Performance of algorithms as measured by area under the curve (median AUC)
Full data set | Data set containing only statistically significant input variables | |||
---|---|---|---|---|
Algorithm | Training | Validation | Training | Validation |
ANN | 0.930 | 0.753 | 0.921 | 0.682 |
BDT | 1.000 | 0.513 | 1.000 | 0.507 |
MLR | 0.880 | 0.762 | 0.853 | 0.776 |
NBC | 0.610 | 0.626 | 0.769 | 0.607 |
SVM | - | 0.493 | - | 0.519 |
Fig. 2.
ROC curves for test data for ANN, MLR and NBC (full set).
Performance was consistently low across all algorithms regardless of sub-setting of data to more homogenous groups such as birth weight, year or use of weaning protocol, removal of highly correlated input variables, removal of input variables identified through Principal Components Analysis and combinations of these techniques (results not shown). Only the subset including only input variables that exhibited statistical significant differences between infants extubated successfully and infants who failed extubation showed somewhat similar performance as indicated by slightly increased AUC for MLR and similar AUCs for ANN and NBC (table 1). Input variables included in the subset comprised of birth weight, APGAR score at 5 minutes, maternal betamethasone, lag time, rate ratio, FiO2, PIP, inspiratory time, tidal volume, pH, PaCO2, PAO2, SaO2, pulse, blood pressure, minute volume, surfactant, caffeine. Due to the uniformly low performance of all algorithms as indicated by the AUCs, no decision-support tool using the most predictive approaches to determine the final prediction was developed.
IV. DISCUSSION
Diverse approaches could be used in committee formations to obtain better generalization and performance of the combined results compared to the individual results. Improvement of performance, however, can only be expected if the individual committee members are accurate, i.e. better than guessing, and diverse, producing different errors, both false negative and false positive, for a given variable set. In our results none of the algorithms was sufficiently accurate to be included individually or in combination in a decision-support tool. Highest achieved median performance was 0.78 for MLR in the data set including only input variables with a statistically significant relationship with extubation identified in prior descriptive analyses, some methods resulted in AUC as low as 0.5, i.e. no better than chance.
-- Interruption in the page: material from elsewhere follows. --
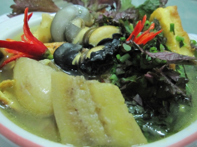 (VOV5) - Nếu có dịp đi về miền Tây trong mùa lũ, bạn hãy tìm cơ hội để thưởng thức món ăn dân dã “lẩu ốc cơm mẻ nấu chuối xanh” này. Dùng vá múc miếng thịt ốc, lẫn chuối xanh, tàu hũ, thịt ba rọi, lá tía tô, lá lốt cùng một ít nước dùng cho vào chén với bún. Gắp từng thứ cho vào miệng nhai một cách chậm rãi, bạn sẽ “ngậm mà nghe” vị dai sần sật của thịt ốc, bùi bùi của chuối xanh, béo béo của thịt ba rọi, hòa cùng hương thơm đặc trưng của cơm mẻ, của tinh dầu lá lốt, lá tía tô... thật quyến rũ.

These results suggest that any method that relies on variable selection will not do well for these clinical data. We hypothesize that the difficulties found in scaling up predictive modeling to larger numbers of subjects reflect batch effects associated with aggregating datasets, which cause validation by resampling to fail: for each data point, it is likely that a similar one exists in the test set from the same batch, which will cause variables selected in response to be irrelevant for other batches. This hypothesis is strengthened by the better results obtained with MLR compared to ANN, of which they are special cases. In both the full set and the last subset examined (based on statistically significant differences between the groups) ANN, MLR and NBC performed better as evidenced by AUCs (from 0.63–0.76). The two methods that performed poorly in all sets were SVM and BDT, which over-fitted the data in each dataset used resulting in close to perfect predictions for the training data but very poor predictions for new, unseen data.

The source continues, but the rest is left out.